Provisions of the Energy Policy Act of 2005 (HR6) of Interest to Clean Cities • Sec 1421-1424: Set America Free: United States Commission On North American Energy Freedom • Establishes a United States commission to make recommendations for a coordinated and comprehensive North American energy policy that will achieve energy self-sufficiency by 2025 within the three contiguous North American nation areas of Canada, Mexico, and the United States. • Sec. 1818: Natural Gas Supply Shortage Report • Requires the DOE Secretary to study and develop recommendations for achieving a balance between natural gas supply and demand to, in part, facilitate the attainment of national ambient air quality standards under the Clean Air Act. In performing the study, the Secretary is directed to develop scenarios for decreasing natural gas demand and increasing natural gas supplies that compare the relative economic and environmental impacts of Federal policies that encourage or require the use of natural gas to meet air quality, carbon dioxide emission reduction, or security goals.
Provisions of the Energy Policy Act of 2005 (HR6) of Interest to Clean Cities Sec. 1823: Alternative Fuels Reports Requires the DOE Secretary to carry out a study on the potential for biodiesel and hythane to become major, sustainable, alternative fuels. The hythane report shall provide a detailed assessment of potential hythane markets and the research and development activities that are necessary to facilitate the commercialization of hythane as a competitive, environmentally friendly transportation fuel. THE FOLLOWING CLEAR ACT-RELATED PROVISION IS INCLUDED IN HIGHWAY BILL (H.R. 3): • Sec. 1113: Volumetric Excise Tax Credit for Alternative Fuels • Provides an excise tax credit (referred to as VEETC) to the seller of CNG or LNG. This credit is different than the fuel credit that had been included in previous versions of the CLEAR ACT. The credit is 50-cent per gasoline-gallon-equivalent for CNG and 50-cents per liquid gallon for LNG for the sale of CNG and LNG for use as a motor vehicle fuel. It begins on October 1, 2006 (delayed for budget reasons) and expires on September 30, 2009. Partially offsetting the value of the excise tax credit, however, is an increase in the motor fuels excise tax rate for both CNG and LNG. The CNG rate would increase from 4.3 cents per gge to 18.3 cents. The LNG rate would increase from 11.9 cents to 24.3 cents on a LNG gallon basis.
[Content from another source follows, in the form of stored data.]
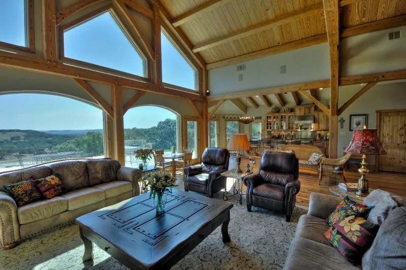 3,600 sqft 1 story 4 bedroom 4 bath custom, well kept and positioned home with standing seam metal roof, custom cabinetry, hand carved wood floors, beams, huge windows with tremendous views, covered back patio/entertaining area overlooking lake #2.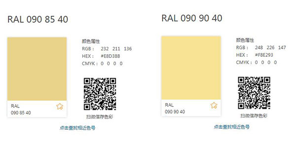 又如:新增色号中的RAL 090 85 40是一个比较暗一点的色彩,如果你想要一个比它更亮的色彩,你可以选择色号RAL 090 90 40的色彩;
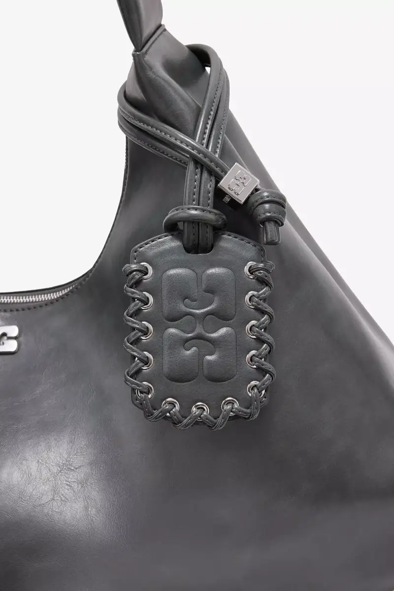 The bag is crafted in recycled leather featuring a mirror hangtag and logo hardware.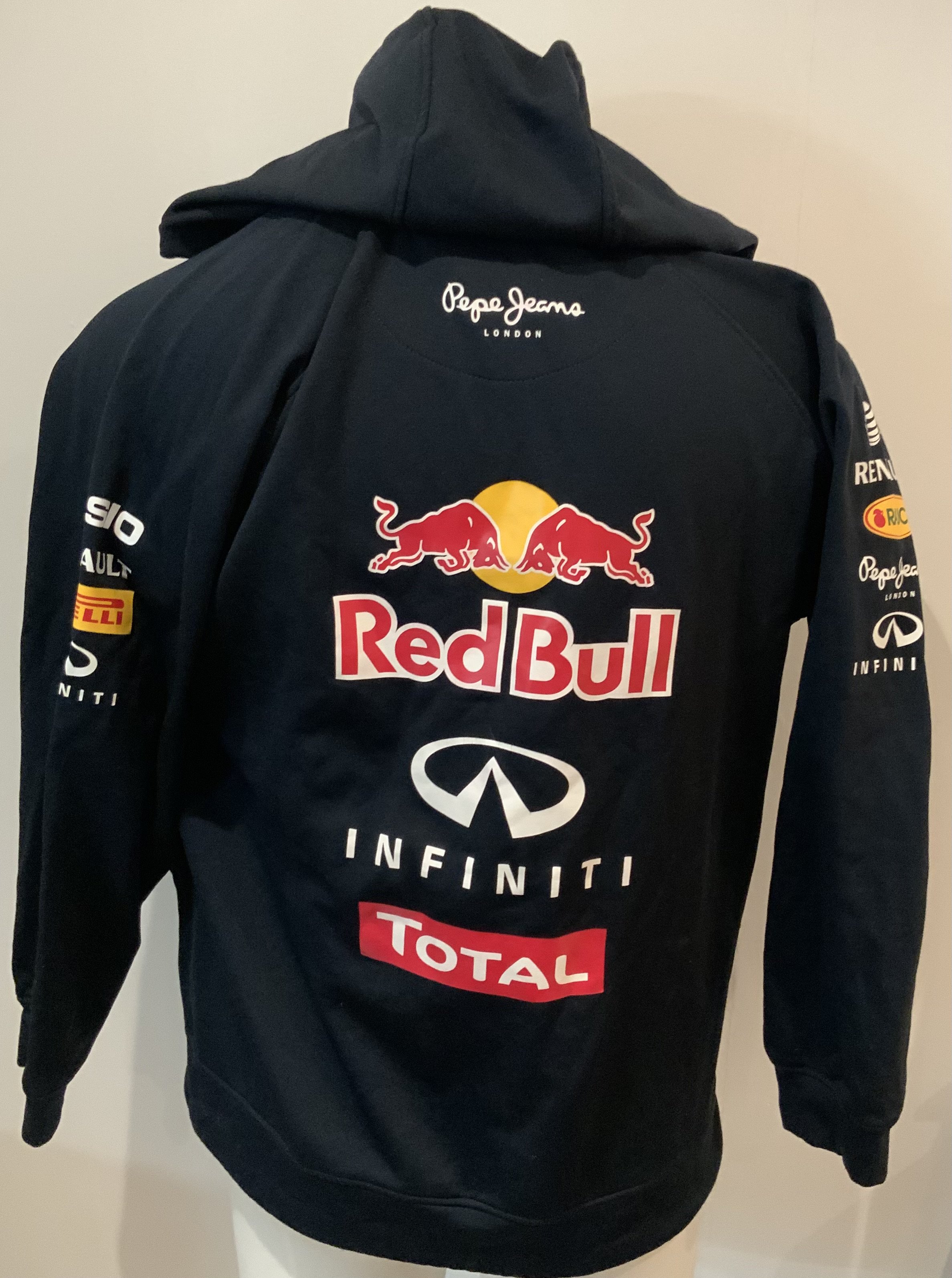 Red Bull Racing Motor Racing Sweatshirt: Unused XL hoody in navy with red trim. Advertising from Red Bull Pepe Jeans Total Geox Infiniti and Renault. Brand new condition without tags.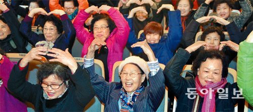 3일 서울 마포구 마포아트센터에서 열린 양원초교 입학식에서 역대 최고령 입학생인 김말순 할머니(90·앞줄 가운데)와 어르신들이 양팔로 하트 모양을 만들며 즐거워하고 있다. 양원초교는 성인 대상의 학력 인정 학교다.

The increased tax rate will go into effect on October 1, 2006. Under this approach, CNG and LNG will pay the same rate of tax into the Highway Trust Fund as all other transportation fuels, but then CNG and LNG would receive an excise tax credit paid out of the general fund. The credit will be paid to eligible recipients on a regular basis without regard to the actual amount of excise tax paid. Propane, hydrogen and some minor fuels also are eligible for this credit.